Debt service includes interest and principal payments on loans, but also on sovereign bonds. They are issued to raise public funds and repay past loans. While 18 African countries joined the DSSI in April 2020, many of them experienced a loss of confidence in their markets. At the same time, Fitch Ratings downgraded seven of the 19 sovereign states rated in sub-Saharan Africa.

“Rating agencies have become chief deterrents and […] very dogmatic. They say if you even plan to reconfigure or restructure your debt, we’ll lower your grades. These are the same agencies that were give AAA ratings just before the global financial crisis [in 2008]. They haven’t really changed or understood the realities on the ground, ”Zemedeneh Negatu, global president of the Fairfax Research Institute, said at a talk at Chatham House.

Default and restructuring

With the DSSI being extended until the end of 2021, questions about possible defaults on the continent remain.

According to the IMF’s “Regional Economic Outlook for Sub-Saharan Africa”, “non-resource-dependent countries are expected to see their average per capita income increase by 21.6% by 2025. Oil exporters, who are among the most populous countries in the region, will have no gain in per capita income during this period.

Until there, Zambia is the only country to have defaulted on its bond (Eurobond).
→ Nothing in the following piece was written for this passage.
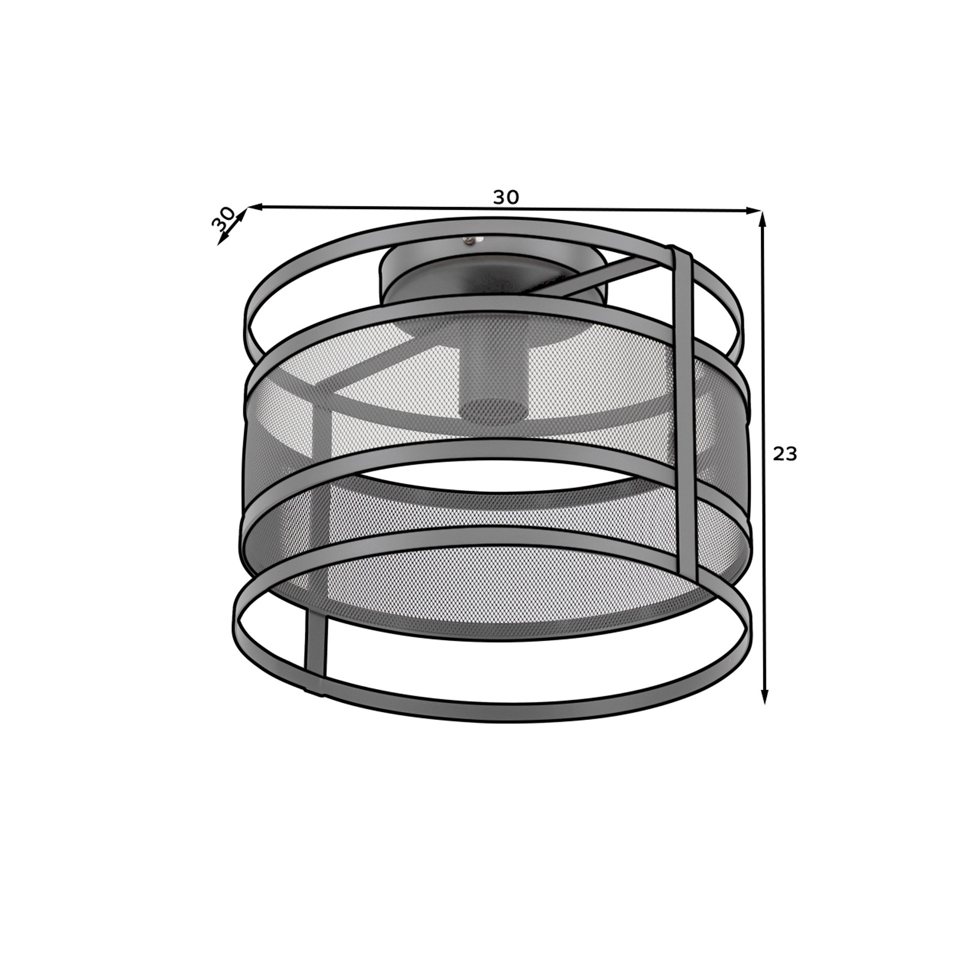 Stropní světlo je elegantní a minimalistický produkt, který se bez problémů začlení do různých interiérových prostor. Je vyroben z odolné oceli a má rozměry 30 cm na šířku, 30 cm na délku a 23 cm na výšku. Stínidlo i základna jsou také vyrobeny ze stejného ocelového materiálu, což zajišťuje pevnou konstrukci.Stropní svítidlo má jeden světelný bod, který zajišťuje rovnoměrné osvětlení celé místnosti. Nemá nastavitelnou výšku a je namontován přímo na strop.Světelný zdroj není součástí balení a žárovku E27 je třeba zakoupit samostatně. Maximální světelný výkon je 15 W. Stropní svítidlo má těsnicí třídu IP20, což naznačuje jeho vhodnost pro vnitřní použití.Výrobek je zabalen v kartonové krabici s ochrannou fólií a rozměry balení jsou 33x33x25 cm. Váží přibližně 1.7 kg.Pokyny k instalaci jsou přiloženy, aby usnadnily montáž stropního světla.

Its economy – which is based on copper production – and its high debt-to-GDP ratio (94.5% in 2020) seem to confirm IMF forecasts.

However, restructuring through the DSSI could have other motivations. “It has nothing to do with Ethiopia’s repayment capacity, we only have a billion dollars of bonds that we manage on a regular basis. It is not a question of bankruptcy or insolvency, it is a question of obtaining additional financial support – therefore restructuring – because it is at the heart of our [Homegrown Economic Agenda] reforms, ”Ethiopia’s Finance Minister Eyob Tekalgn Tolina said at the Chatham House conference.

At the end of the line

Although the absence of a clear agreement between China and the Paris Club may serve African countries benefiting from DSSI, “a two-way pandemic leads to a two-way recovery,” said Kristalina Georgieva, managing director from the IMF.

Perhaps what is needed is “a more conducive international sovereign debt architecture, coupled with a change in the governance system in Africa,” says Rabbah Arezki, chief economist and vice president for the region MENA at the World Bank.